RenovoRx Increases Production of FDA-Cleared RenovoCath® Delivery System in Response to Strong Demand from Oncology and Interventional Radiology Physicians
RenovoRx (Nasdaq: RNXT) announces increased production of its FDA-cleared RenovoCath® delivery system due to high demand from oncologists and interventional radiologists.

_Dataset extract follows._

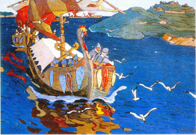 "Плывут полуночные гости. Светлой полосой тянется пологий берег Финского залива. Вода точно напиталась синевой ясного весеннего неба; ветер рябит по ней, сгоняя матово-лиловатые полосы и круги. Стайка чаек опустилась на волны, беспечно на них закачалась и лишь под самым килем передней ладьи сверкнула крыльями — всполошило их мирную жизнь что-то малознакомое, невиданное. Новая струя пробивается по стоячей воде, бежит она в вековую славянскую жизнь, пройдет через леса и болота, перекатится широким полем, подымит роды славянские — увидят они редких, незнакомых гостей, подивуются они на их строго боевой, на их заморский обычай. Длинным рядом идут ладьи! Яркая раскраска горит на Солнце. Лихо завернулись носовые борта, завершившись высоким, стройным носом".

The company has expanded its relationship with manufacturing partner Medical Murray, issuing a warrant for up to 709,500 shares of RenovoRx common stock as performance incentives. RenovoRx remains committed to its Phase III TIGeR-PaC clinical trial in locally advanced pancreatic cancer (LAPC), using the TAMP™ therapy platform.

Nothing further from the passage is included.